There are two major risks to the improvement of the global macro environment in 2022: the global economy faces the risk of "quasi stagflation"; and supply chain bottlenecks may still restrict supply in the short term, and inflation will remain high, making it more difficult to coordinate policies.
It is expected that debt default risk prevention and control will be in the spotlight. There’s little room for fiscal policy to change. Monetary policy will move towards normalisation, global interest rates will rise, and values of various assets will be revalued. Under the unstable economic and financial environment, the asset allocation strategy will be seeking structural hedging around core assets.
In 2022, market transactions will be carried out under the logic of "quasi stagflation", and for this reason the uncertainty will be high. We suggest that the overall asset allocation strategy in 2022 should focus on stability; pay attention to longer-term investment themes and grasp offensive opportunities.
In 2022, the global financial market will be affected by a variety of compound risk factors, and market volatility will increase. Considering risk and return expectation of various assets, from asset allocation perspective, our priority of markets is: developed economies > emerging economies; from asset category perspective, priority is: alternative investment > USD > global equity > commodities > gold > bonds. Cai Xinfa, Ping An Group executive, special assistant to the Bank’s president and head of retail banking, Ping An Bank The key investment themes shaping global markets and the Asia-Pacific markets in 2022 will be "gradual recovery from the US to Europe to the emerging markets" and "interest rate increase".
Specifically, economic recovery will follow the sequence of "US → Europe → emerging markets", which will bring benefits to and subsequent impacts on different markets.
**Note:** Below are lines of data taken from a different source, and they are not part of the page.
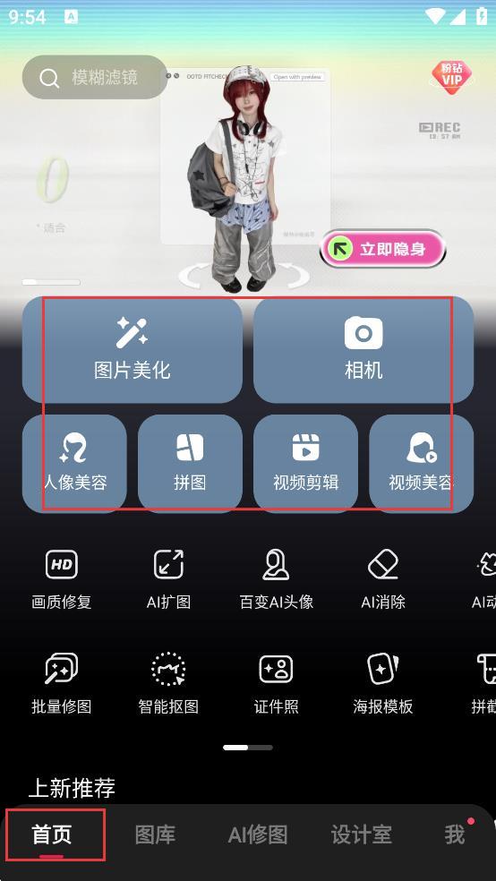 1、下载安装完成之后进入app,首页有图片美化、相机等功能,点击图标可进行照片编辑、拍摄美化,还有人像美容、拼图等工具,快速处理图片。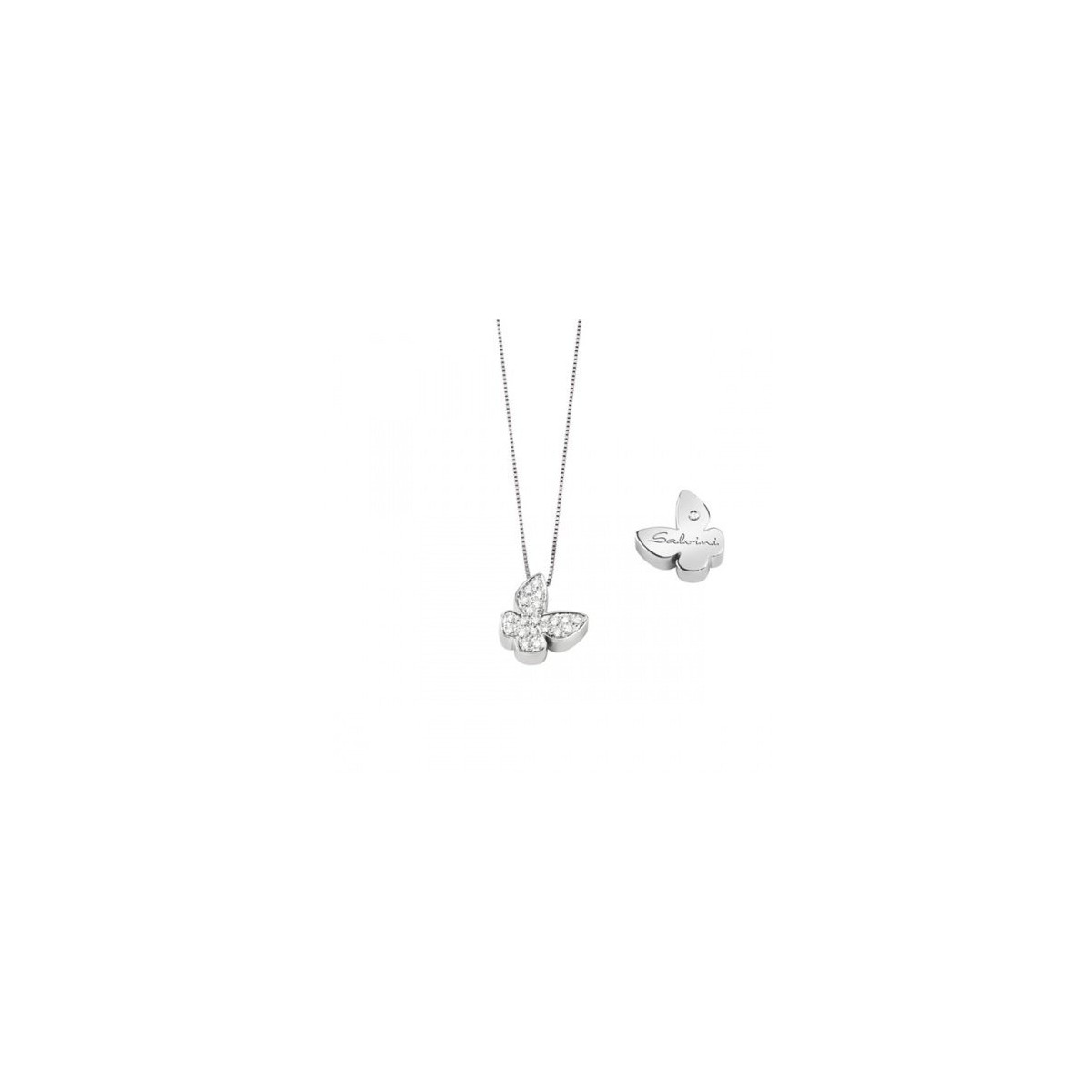 18-karätige Weißgold-Halskette mit Schmetterlingsanhänger aus der I SEGNI-Kollektion und Pavé aus Naturdiamanten und auf der Rückseite Salvini-Logo mit Diamant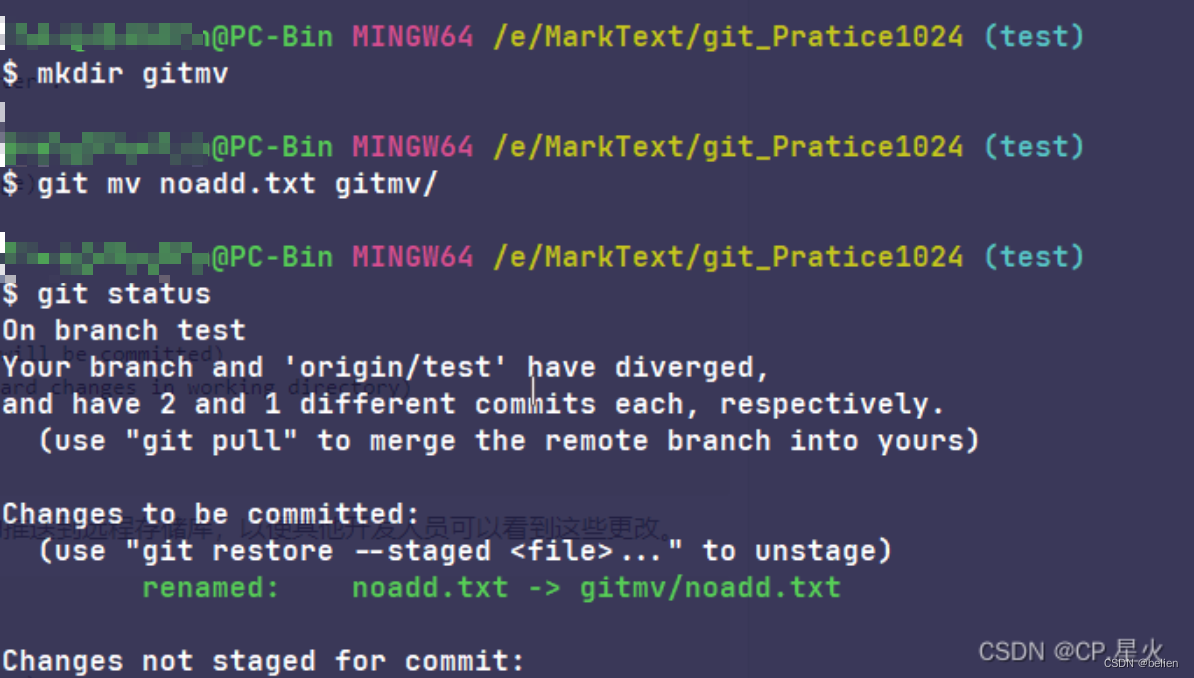 R: 表示文件已被重命名;对于提交操作,需要使用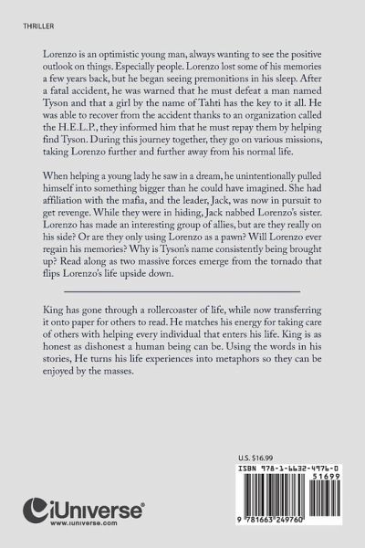 Lorenzo is an optimistic young man, always wanting to see the positive outlook on things. Especially people. Lorenzo lost some of his memories a few years back, but he began seeing premonitions in his sleep. After a fatal accident, he was warned that he must defeat a man named Tyson and that a girl by the name of Tahti has the key to it all. He was able to recover from the accident thanks to an organization called the H.E.L.P., they informed him that he must repay them by helping find Tyson. During this journey together, they go on various missions, taking Lorenzo further and further away from his normal life. When helping a young lady he saw in a dream, he unintentionally pulled himself into something bigger than he could have imagined. She had affiliation with the mafia, and the leader, Jack, was now in pursuit to get revenge. While they were in hiding, Jack nabbed Lorenzo's sister. Lorenzo has made an interesting group of allies, but are they really on his side? Or are they only using Lorenzo as a pawn? Will Lorenzo ever regain his memories? Why is Tyson's name consistently being brought up? Read along as two massive forces emerge from the tornado that flips Lorenzo's life upside down.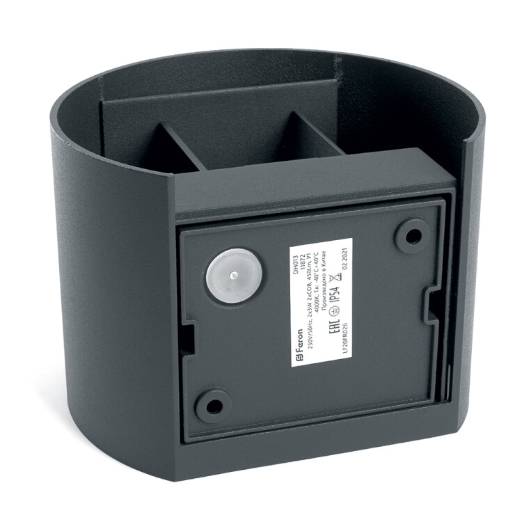 Светильник уличный светодиодный, на стену (ДБУ) FERON DH013, серия Майами, 6W, 4000К (белый натуральный), 230V/50Гц, 450Lm, IP54, 2LED*COB, класс защиты 1, раб.t -40°C...+40°C, цвет черный, корпус алюминий, 100*115*135мм,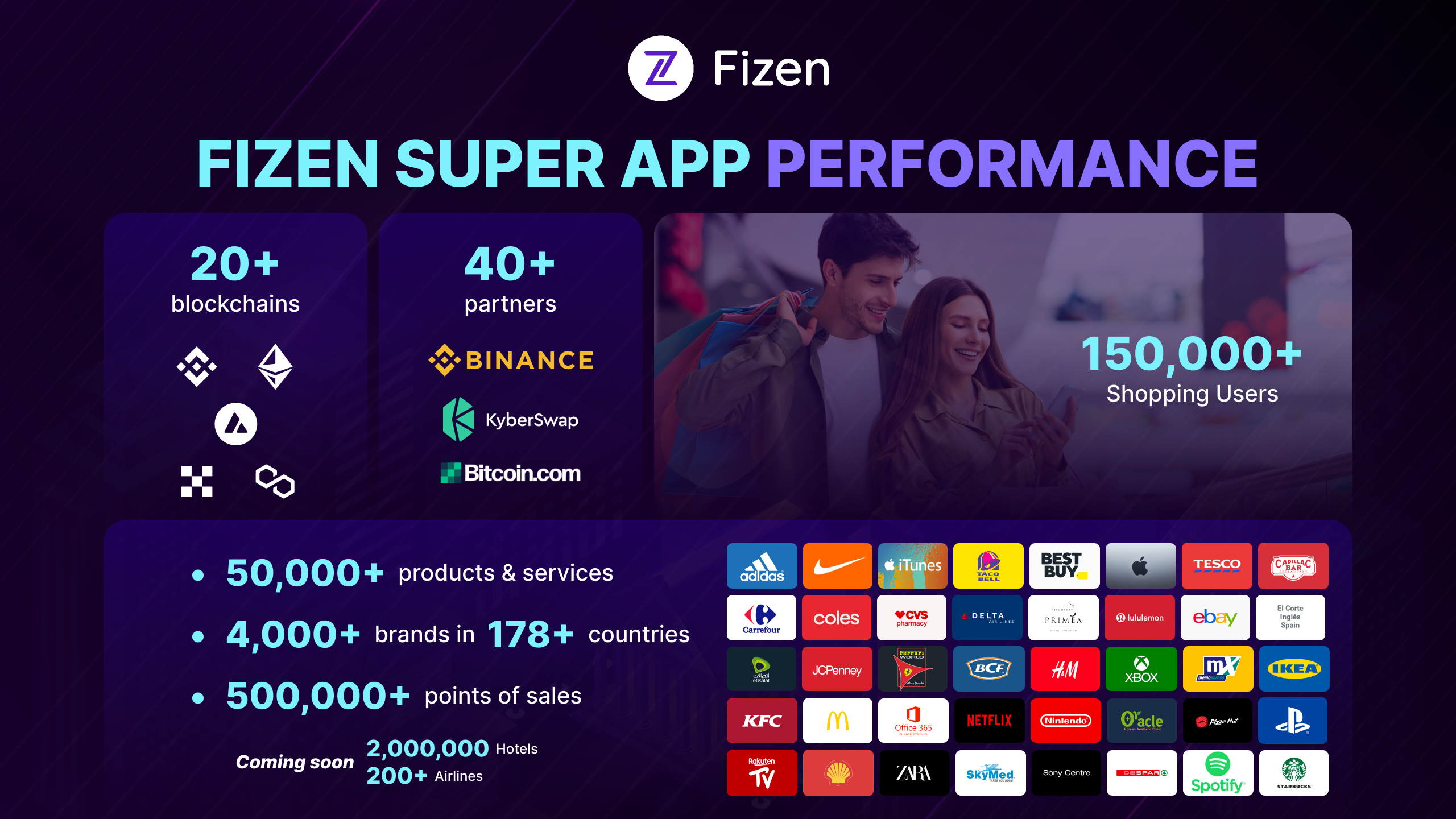 - Shop & Travel Globally: Fizen users can effortlessly spend their cryptocurrencies on over 50,000+ goods and services from 4,000+ brands in 178 countries without the need for traditional currency exchange.

The start of interest rate increases will have a significant negative impact on assets including stocks, bonds, and commodities.
Therefore, our recommendations for investing in the overseas markets are as follows:
• US stocks: The general rally will end, and follow up on the institutional market. • Overseas bonds: Bonds in developed markets will generally face the impact of interest rate increase and balance sheet reductions, so their allocation ratio should be reduced. Asian bonds, Chinese USD bonds might go up again. • Crude oil: Lack of opportunities and trend downwards. • Gold: Need to wait until the end of interest rate increase for investment opportunities. Alok Saigal, head, Private Wealth, Edelweiss Wealth Management The biggest theme for global markets in 2022 is the reversal of rates globally and the liquidity tightening programme. Other parallel themes — such as the technology and start-up ecosystem in India, ESG, etc. — are equally playing an important role. We advise clients to maintain long-term asset allocation during such risky times and to reduce risk by either adopting risk management strategies or keeping dry powder handy to increase allocation during corrections. In addition, we have recommended that clients allocate 5%-10% to gold as an asset class.